Mr Shorten: Are you talking about Tony's parental leave?

 

The DEPUTY SPEAKER:
Order! The member will be heard in silence.

 

Mr HAWKE: Thank you, Mr Deputy Speaker. I would hate to call the minister out. In
relation to this bill, whenever you look at the cost-benefit analysis the
government goes through in relation to the cost of new legislation, once again
we find evidence of mendacious activity from the government. It is not clear
exactly what cost this would be in terms of the new regulator and it is not
clear where the money is coming from. In relation to what we can tell, we have a
stated figure that the changes will be accompanied by spending of around $98.2
million over the next five years.
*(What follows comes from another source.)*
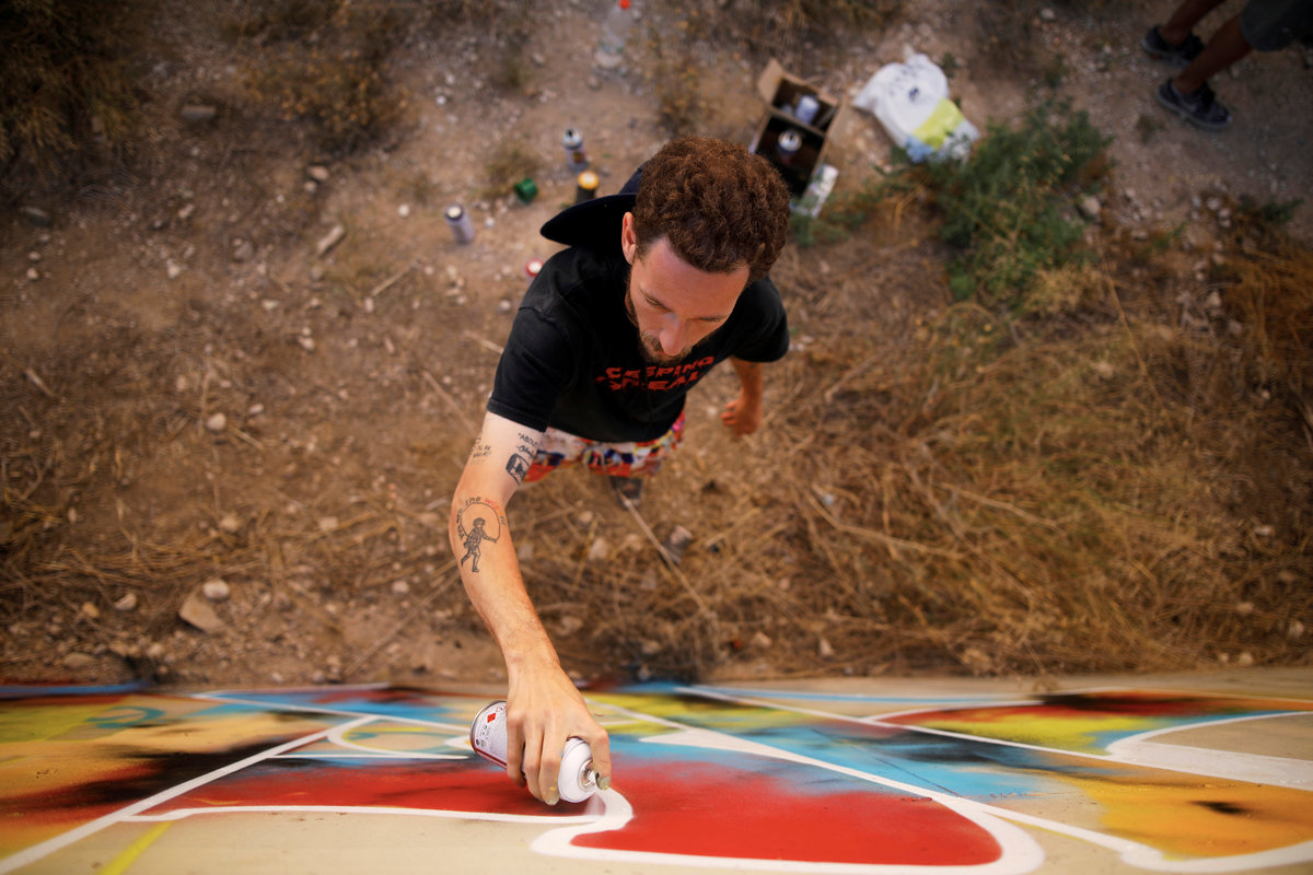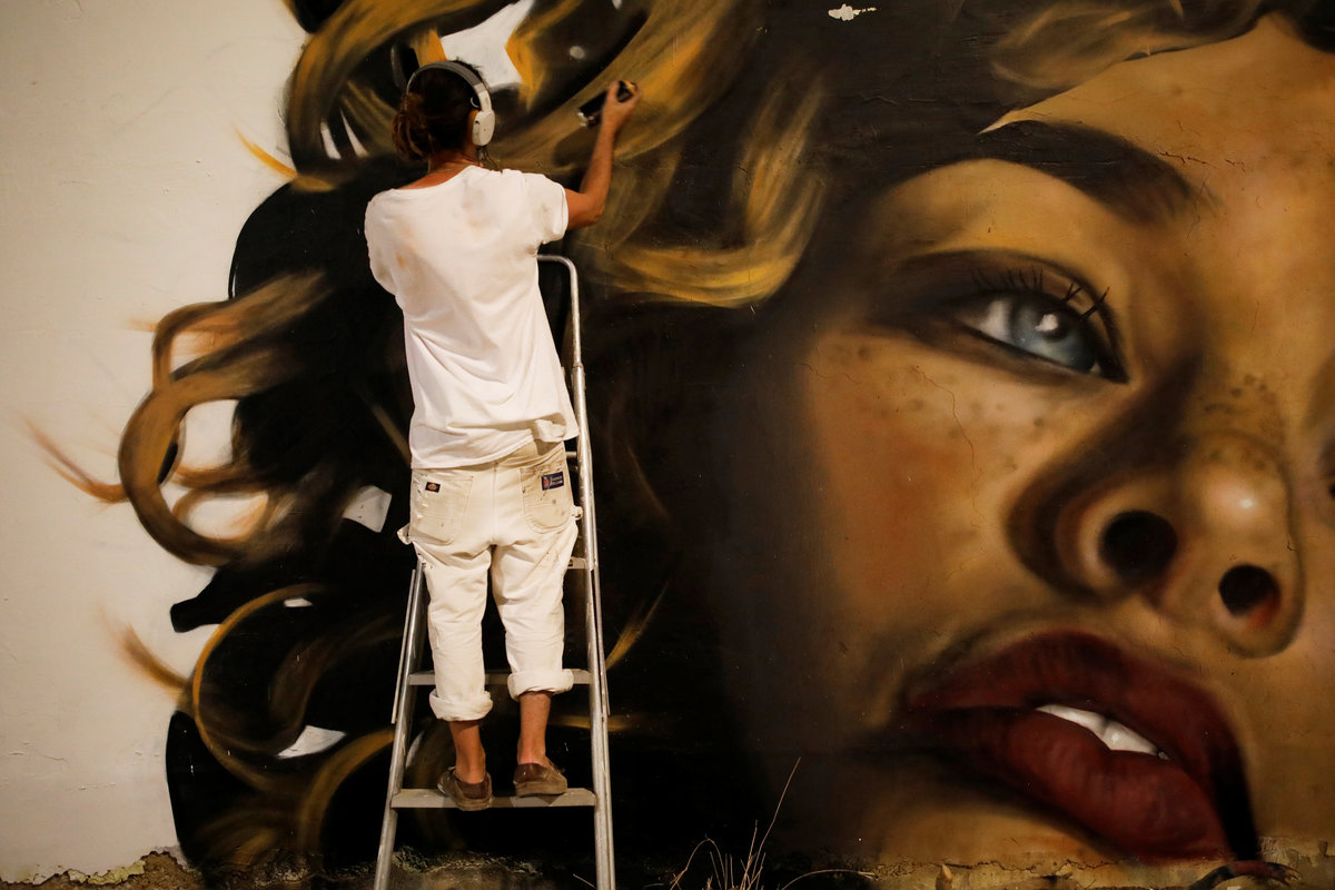 Israeli artist who goes by the name Klone, works on his wall painting during an art happening, called POW! WOW! Israel, which is connected to a week-long art and culture festival held in Hawaii called POW! WOW! Hawaii, in the southern city of Arad, Israel June 5, 2017. Picture taken June 5, 2017. REUTERS/Amir Cohen

I want to note that this expenditure is
supposedly offset by cuts of $1 billion overall to the R&D tax incentive
that do not appear to have been appropriately modelled and have certainly never
been publicly clarified or justified. So, again, whenever we see new legislation
presented with heavy-handed regulation, overregulation, we do not really even
have an understanding of how much it will cost, or a rigorous cost-benefit
analysis. Why is a rigorous cost-benefit analysis important in relation to new
legislation? There is a good 280 billion reasons why a cost-benefit analysis
matters in terms of public debt, net debt, and perhaps some $300 billion of
reasons very shortly in terms of gross debt, why we need cost-benefit analysis,
why we need to look at what is the actual benefit of this new regulator and
legislation versus the cost that it will have to government.

 

When you consider the response of stakeholders, including small
to medium enterprises, industry associations and indeed all of the major
industry sectors, you can see that there is a grave level of concern about the
way this bill would operate. Ideas which could be seen to be reasonable, and
indeed the reduction of the capex of $500 million or more for AIP projects,
could be seen to be a good thing. However, I want to note the dissenting report
by coalition senators, who raise an excellent argument in relation to the
proposed reduction of capex—that is, that there could be a range of problems. In
particular, the Chamber of Commerce and Industry WA provided a calculation that
said that the changes would mean that the share of affected projects would rise
from six per cent to around 26.2 per cent. That is by anybody's benchmark a
dramatic increase. That sort of dramatic increase is something that ought to be
considered quite carefully before we proceed with something like this and would
have a lot of effects in terms of cost and assessments and the involvement of
government in so many other projects. It is something which again does not
appear to be desirable.

 

While the coalition is certainly supportive of the scheme
introduced by the Howard government in 2001, the core purpose—to give Australian
firms increased opportunity to secure work on major local projects—is a worthy
one. When you look at the actual provisions of this bill, however, and you
examine what the government is proposing, it has not been demonstrated, and it
is not obvious, how this particular bill—with its Orwellian title, the
Australian Jobs Bill—will in fact achieve that objective. And I take with grave
concern the concerns of industry and other serious players in this sector
suggesting that, in many ways, the increased regulatory burden and the new
regulator may indeed achieve much of the opposite or add to the sovereign risk
of doing business in Australia.

 

So, with those features in the forefront of our minds, I would
advocate opposing this bill. I know the coalition is opposing this bill. We are
looking for something more meaningful from the government than a new,
heavy-handed regulator and a series of changes which are uncosted and really
have no substantive backing from the sector involved.